#### Task requirements:
Your copy should begin with the line containing "A stealth mountain", end with the line containing "50代ファッションにぴったりの上品なプチハイネックカットソー。", match the listing below exactly, and contain no pictures.

*** Data extract Section Begins ***

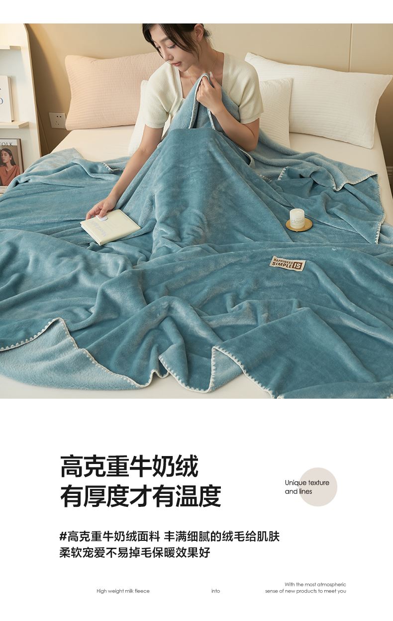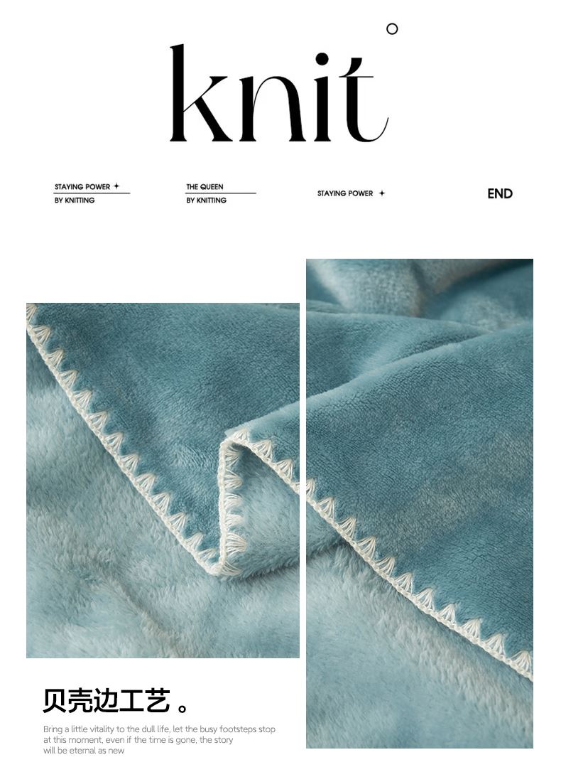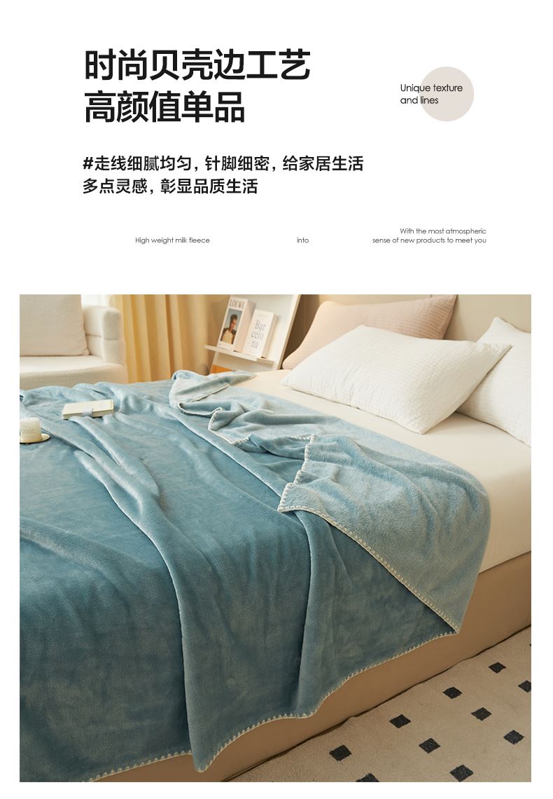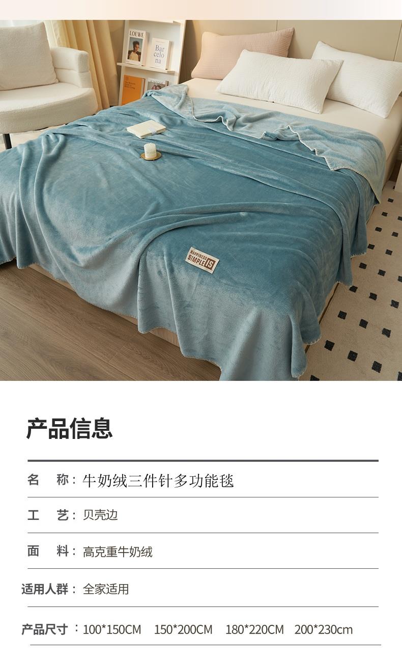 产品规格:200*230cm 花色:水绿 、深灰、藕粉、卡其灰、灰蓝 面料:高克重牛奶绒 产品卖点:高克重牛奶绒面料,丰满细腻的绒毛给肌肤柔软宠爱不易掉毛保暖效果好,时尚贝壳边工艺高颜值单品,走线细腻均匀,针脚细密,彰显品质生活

*** Data extract Section Ends ***
*** Data extract Section Begins ***

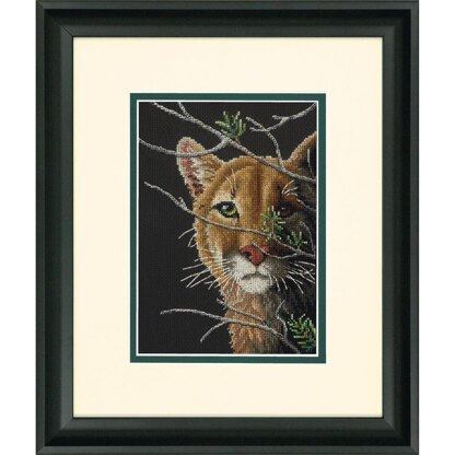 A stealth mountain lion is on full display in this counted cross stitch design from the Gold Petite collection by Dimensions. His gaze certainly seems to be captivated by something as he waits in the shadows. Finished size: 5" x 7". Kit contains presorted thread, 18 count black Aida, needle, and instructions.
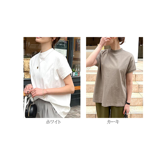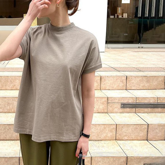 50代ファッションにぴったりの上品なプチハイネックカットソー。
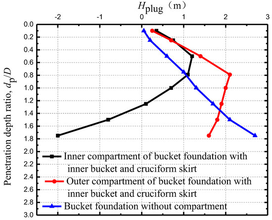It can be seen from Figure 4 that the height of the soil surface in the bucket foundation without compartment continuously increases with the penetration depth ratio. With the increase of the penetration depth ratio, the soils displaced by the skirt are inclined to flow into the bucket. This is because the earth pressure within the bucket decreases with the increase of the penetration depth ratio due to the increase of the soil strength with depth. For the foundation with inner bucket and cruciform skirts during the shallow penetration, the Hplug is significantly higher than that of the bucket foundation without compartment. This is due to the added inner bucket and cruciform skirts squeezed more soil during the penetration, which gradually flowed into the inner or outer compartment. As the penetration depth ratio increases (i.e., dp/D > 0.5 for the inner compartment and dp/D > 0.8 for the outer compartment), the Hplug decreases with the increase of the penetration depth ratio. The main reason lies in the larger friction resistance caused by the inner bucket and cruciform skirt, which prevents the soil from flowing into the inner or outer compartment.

*** Data extract Section Ends ***

#### Finished exercise:
 A stealth mountain lion is on full display in this counted cross stitch design from the Gold Petite collection by Dimensions. His gaze certainly seems to be captivated by something as he waits in the shadows. Finished size: 5" x 7". Kit contains presorted thread, 18 count black Aida, needle, and instructions.
 50代ファッションにぴったりの上品なプチハイネックカットソー。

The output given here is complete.